Even though it isn’t feasible scientific comparison, we can render the ground truth and predicted simulations together to see if we can find the differences:

Video 2: Comparison of rendered time frames from the ground truth and predicted simulation. The left shows particle positions for four-time frames of the ground truth simulation. The right shows the corresponding positions of the predicted simulation. Credits: Pedro Pereira / Inductiva

It becomes very hard to distinguish what is the one obtained from SPH and our model. This is great for some visual applications, like video games!

## Generalising

(within a water cube scenario)

The ability to *generalise* to other realistic scenarios is the second part of our experiment.

Now, we train the model over a distribution of \(10\) simulations. The initial position, velocity and dimensions of the water block in each simulation were chosen randomly within specified ranges to satisfy the distribution in Fig. 5.

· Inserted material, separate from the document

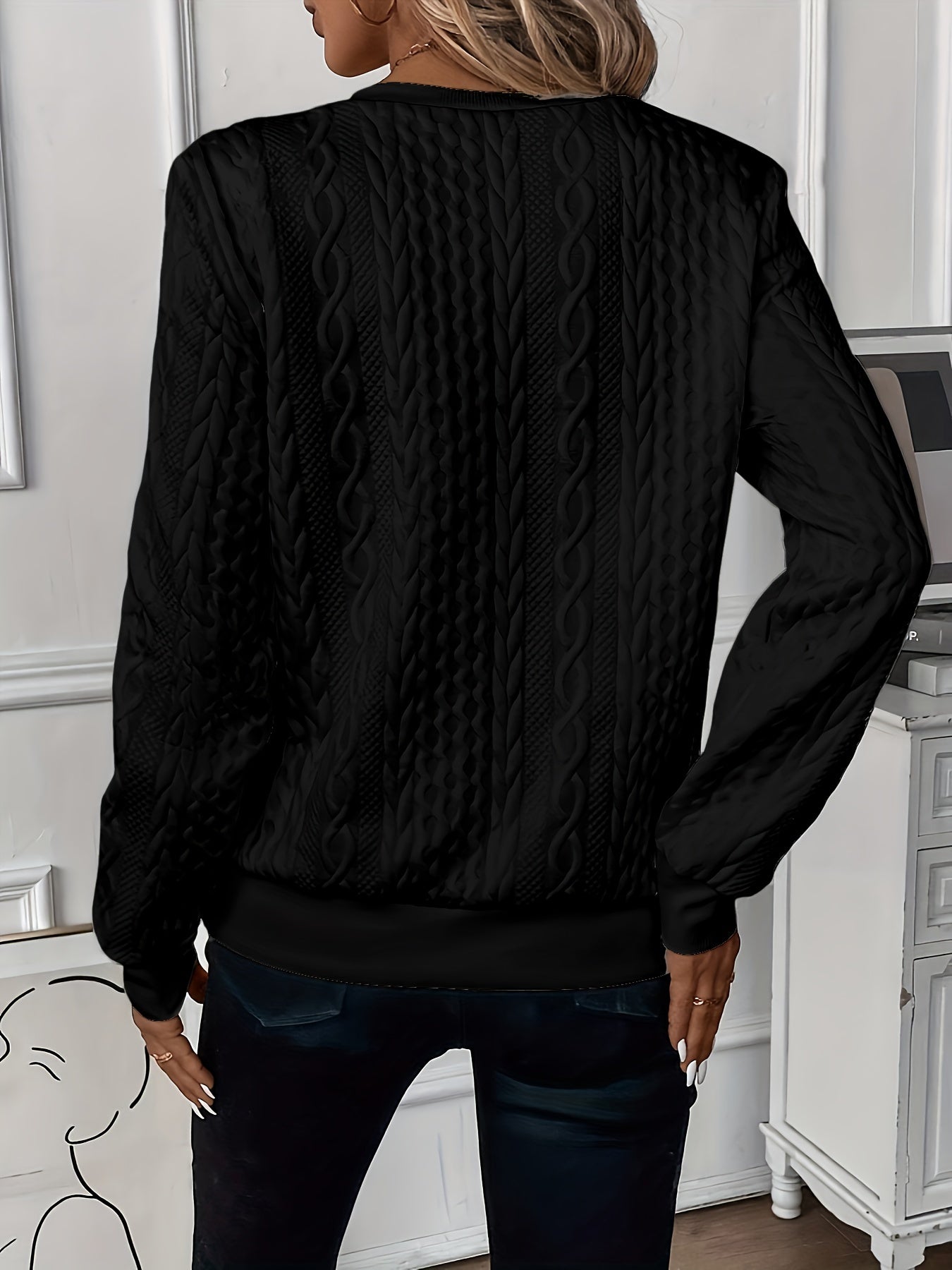 Elegant Crew Neck Zipper Sweatshirt, Solid Color Long Sleeve Top

The scatter plot in Fig. 5 shows how the train, validation and test set simulations are distributed in terms of initial velocity, in m/s, and size of the block, in terms of the number of particles. The simulation used in the overfit experiment is also plotted for comparison and test simulations are numbered to easily reference them.

Fig. 5: Distribution of dataset simulations. Models are trained on the 10 simulations in blue and validated on the 2 simulations in orange. The best model is tested on the 4 simulations in green, three of which are outside the training distribution. The single simulation overfitted in an experiment is also shown for comparison. Credits: Pedro Pereira / Inductiva

The goal of this experiment is to understand if by learning on the training set (in blue), the model can replicate simulations with a larger number of particles (test simulations 2 and 4) or more chaotic simulations (test simulations 3 and 4).

For this purpose, it is sufficient to mimic the previous analysis for the most general case, **test simulation 4**.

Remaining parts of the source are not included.